Кабатчик подумал, что Серьгагуля шутит насчёт «бояр». Беззвучно рассмеявшись, двухметровый Савва Дурнилыч наклонился над Чернолисом, подмигнул огромным глазом, чуть замутненным обильной утренней выпивкой. Влажный рот его навис над ухом Серьгагули, будто хотел зубами серьгу сдёрнуть с мочки.
– А здорово ты сказанул про бояр. Только я не понял, ты к чему это?
Чернолис поднял лежащий на крыльце парусиновый сверток (он пришёл с этим свертком).
Айда, Сова.
Куда?
Переодеваться надо. Или сначала пошли в подвал, покажешь, чем дорогого гостя будем потчевать. Он ведь заморский гаденыш – капризный.
Ничего, Бедняжка Доедала мне кое-что передал от царского стола.
Молодчина парень, – похвалил Серьгагуля. – От себя отрывает, бедняжка. Не доедает, не досыпает.
Хозяин взял стоячий фонарь для прислуги, запалил на пороге подвала. Ключи из-за пазухи выудил. Замок заскрежетал железной челюстью. Загремели запоры, заставляя смолкнуть и разлететься воробьев, раздухарившихся на крыше соседнего амбара.

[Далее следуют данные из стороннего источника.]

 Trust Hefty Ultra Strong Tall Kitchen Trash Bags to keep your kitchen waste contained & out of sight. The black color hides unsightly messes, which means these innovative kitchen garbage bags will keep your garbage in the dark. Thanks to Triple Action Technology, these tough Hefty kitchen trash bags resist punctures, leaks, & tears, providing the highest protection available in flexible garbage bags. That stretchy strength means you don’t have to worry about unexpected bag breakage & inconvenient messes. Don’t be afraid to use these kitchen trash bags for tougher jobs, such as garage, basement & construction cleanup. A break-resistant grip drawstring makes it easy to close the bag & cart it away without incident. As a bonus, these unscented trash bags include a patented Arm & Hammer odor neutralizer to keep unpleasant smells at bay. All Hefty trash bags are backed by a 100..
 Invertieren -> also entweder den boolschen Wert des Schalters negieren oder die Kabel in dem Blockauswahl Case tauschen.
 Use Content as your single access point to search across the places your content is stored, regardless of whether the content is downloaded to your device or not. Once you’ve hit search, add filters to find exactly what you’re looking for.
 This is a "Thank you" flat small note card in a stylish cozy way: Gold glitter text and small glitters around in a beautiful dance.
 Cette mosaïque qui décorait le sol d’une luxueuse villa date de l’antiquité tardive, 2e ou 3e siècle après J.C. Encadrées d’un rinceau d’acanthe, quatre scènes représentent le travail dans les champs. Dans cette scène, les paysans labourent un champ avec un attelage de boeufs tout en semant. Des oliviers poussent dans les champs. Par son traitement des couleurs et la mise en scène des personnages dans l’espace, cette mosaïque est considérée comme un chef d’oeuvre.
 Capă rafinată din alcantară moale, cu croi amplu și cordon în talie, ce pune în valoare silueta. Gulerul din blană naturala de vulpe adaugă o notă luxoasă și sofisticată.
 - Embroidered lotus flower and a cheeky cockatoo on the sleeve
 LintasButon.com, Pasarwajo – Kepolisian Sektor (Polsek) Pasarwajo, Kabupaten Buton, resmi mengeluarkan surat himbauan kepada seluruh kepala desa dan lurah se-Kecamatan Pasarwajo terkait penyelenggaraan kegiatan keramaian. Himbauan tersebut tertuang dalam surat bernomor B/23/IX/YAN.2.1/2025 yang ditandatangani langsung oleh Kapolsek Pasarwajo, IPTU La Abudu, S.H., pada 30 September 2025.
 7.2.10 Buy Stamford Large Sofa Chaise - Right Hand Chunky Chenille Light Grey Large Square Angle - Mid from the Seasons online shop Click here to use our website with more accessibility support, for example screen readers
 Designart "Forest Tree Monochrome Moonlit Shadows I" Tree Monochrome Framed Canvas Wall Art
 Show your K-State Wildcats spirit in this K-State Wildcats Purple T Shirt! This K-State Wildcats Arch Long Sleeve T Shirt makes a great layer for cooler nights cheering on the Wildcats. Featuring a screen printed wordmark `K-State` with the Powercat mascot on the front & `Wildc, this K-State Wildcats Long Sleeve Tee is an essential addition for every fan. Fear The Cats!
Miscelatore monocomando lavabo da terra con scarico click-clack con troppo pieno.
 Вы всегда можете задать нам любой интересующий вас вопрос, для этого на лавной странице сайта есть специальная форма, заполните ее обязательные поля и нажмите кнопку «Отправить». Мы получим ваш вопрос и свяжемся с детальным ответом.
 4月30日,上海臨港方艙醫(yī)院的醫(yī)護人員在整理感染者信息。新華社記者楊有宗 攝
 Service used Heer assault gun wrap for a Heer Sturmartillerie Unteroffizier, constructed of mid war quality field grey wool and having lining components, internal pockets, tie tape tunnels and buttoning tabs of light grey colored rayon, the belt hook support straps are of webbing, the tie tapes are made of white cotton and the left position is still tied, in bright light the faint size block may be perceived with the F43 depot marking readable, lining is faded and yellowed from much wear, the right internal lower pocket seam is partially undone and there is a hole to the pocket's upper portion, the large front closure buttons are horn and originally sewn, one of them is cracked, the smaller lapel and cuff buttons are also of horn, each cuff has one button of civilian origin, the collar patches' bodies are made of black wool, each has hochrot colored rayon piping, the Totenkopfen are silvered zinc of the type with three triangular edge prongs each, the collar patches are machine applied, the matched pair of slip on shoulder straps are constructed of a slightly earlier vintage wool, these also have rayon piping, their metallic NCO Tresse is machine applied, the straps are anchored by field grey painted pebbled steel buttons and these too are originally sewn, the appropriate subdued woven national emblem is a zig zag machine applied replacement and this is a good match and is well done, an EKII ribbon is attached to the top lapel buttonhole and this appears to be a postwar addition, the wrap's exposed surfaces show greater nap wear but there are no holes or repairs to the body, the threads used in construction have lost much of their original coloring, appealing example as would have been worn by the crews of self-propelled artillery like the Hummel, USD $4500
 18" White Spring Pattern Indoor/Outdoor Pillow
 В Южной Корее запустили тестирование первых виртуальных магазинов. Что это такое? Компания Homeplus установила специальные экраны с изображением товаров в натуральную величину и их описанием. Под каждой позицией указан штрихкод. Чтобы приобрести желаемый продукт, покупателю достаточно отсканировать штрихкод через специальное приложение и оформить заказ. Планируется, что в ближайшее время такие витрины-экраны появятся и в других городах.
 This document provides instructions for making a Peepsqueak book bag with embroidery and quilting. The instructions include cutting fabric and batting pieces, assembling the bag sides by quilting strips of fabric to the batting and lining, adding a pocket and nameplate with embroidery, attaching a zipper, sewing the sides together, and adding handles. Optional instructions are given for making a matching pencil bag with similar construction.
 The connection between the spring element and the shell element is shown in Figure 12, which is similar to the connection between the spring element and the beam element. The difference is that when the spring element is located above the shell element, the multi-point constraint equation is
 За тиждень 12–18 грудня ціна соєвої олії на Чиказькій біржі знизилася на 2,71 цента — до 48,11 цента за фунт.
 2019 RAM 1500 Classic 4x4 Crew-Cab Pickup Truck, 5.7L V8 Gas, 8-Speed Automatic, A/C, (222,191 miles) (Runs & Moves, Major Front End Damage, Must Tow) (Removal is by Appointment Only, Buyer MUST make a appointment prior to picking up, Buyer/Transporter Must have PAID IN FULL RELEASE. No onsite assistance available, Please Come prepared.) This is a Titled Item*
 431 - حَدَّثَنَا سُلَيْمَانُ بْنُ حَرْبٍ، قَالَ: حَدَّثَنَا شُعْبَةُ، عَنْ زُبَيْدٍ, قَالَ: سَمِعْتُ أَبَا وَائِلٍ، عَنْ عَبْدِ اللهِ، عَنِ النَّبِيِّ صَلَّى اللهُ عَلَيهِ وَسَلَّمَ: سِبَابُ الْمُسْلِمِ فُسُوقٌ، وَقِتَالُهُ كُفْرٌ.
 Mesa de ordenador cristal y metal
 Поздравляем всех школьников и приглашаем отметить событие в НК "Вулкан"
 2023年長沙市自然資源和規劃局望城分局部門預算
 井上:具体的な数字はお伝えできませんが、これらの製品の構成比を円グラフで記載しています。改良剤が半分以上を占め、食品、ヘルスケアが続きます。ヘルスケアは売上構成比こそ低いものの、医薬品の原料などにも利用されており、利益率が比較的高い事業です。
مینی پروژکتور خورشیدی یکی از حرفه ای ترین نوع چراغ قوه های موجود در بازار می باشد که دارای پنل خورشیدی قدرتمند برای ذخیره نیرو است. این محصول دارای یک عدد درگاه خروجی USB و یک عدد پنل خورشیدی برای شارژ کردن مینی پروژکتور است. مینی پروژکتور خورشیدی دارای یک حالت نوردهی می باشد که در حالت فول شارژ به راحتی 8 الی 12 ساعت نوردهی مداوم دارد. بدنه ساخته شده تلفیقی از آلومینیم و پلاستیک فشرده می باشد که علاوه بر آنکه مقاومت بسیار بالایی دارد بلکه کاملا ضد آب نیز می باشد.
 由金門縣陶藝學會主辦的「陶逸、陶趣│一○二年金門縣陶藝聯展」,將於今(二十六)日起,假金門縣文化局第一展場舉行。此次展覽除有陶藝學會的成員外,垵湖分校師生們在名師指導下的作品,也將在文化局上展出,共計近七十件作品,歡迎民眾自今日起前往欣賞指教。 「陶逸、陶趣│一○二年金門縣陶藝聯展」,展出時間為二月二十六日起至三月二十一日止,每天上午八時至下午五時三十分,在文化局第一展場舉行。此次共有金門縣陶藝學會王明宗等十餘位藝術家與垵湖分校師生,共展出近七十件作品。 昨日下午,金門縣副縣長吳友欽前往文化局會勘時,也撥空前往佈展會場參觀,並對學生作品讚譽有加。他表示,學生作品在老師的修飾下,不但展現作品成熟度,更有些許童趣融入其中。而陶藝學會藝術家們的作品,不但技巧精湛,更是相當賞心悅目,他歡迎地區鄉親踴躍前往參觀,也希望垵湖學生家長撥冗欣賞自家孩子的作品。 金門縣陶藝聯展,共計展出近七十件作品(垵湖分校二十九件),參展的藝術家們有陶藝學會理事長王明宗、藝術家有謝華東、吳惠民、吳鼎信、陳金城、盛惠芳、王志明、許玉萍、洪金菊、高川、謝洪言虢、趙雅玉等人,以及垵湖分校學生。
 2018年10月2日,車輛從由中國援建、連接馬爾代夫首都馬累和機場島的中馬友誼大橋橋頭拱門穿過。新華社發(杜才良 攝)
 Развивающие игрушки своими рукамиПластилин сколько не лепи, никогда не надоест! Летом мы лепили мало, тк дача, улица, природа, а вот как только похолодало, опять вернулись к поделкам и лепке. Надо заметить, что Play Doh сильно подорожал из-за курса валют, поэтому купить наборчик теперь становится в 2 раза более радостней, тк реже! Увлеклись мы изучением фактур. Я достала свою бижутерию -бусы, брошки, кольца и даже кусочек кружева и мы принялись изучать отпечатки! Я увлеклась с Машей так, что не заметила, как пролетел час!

Стали спускаться. Огромное разинутое горло подвала дохнуло сыроватой сытостью, овощами и пряностями – доверху набито… Сушеные травы зашуршали над головами (Серьгагуля испуганно пригнулся, придерживая шапку, морщась). На стене висела сушеная визига – спинные хрящи осетра. На полу – литровые бутыли, одна из них накрыта перевернутым шкаликом. Провансальское масло мерцает в посудинах. Оливковое масло. И «деревянное» масло – к светильникам. Пыльная цепь лежала, свёрнутая собачьим клубком; зазвенела – огрызнулась, когда Серьгагуля наступил на нее.
Кабатчик посветил под ноги. Подумал о тюремных кандалах. О палаче, которого все ждут.
– Как там наш атаманец лихой? На крючья не вздернули? Кровь не пустили?
Царь моет ноги атаманцу нашему.
Ну? – Кабатчик вновь подумал, что Серьгагуля шутит. Хохотнул, говоря: – Подержи-ка фонарь, посвети вот сюда. Здесь у меня настойка мухомора.
Толстая литровая бутыль на просвет полыхнула багряным заревом, забулькала, гоняя воздух от горлышка до днища и обратно: хозяин переворачивал бутыль.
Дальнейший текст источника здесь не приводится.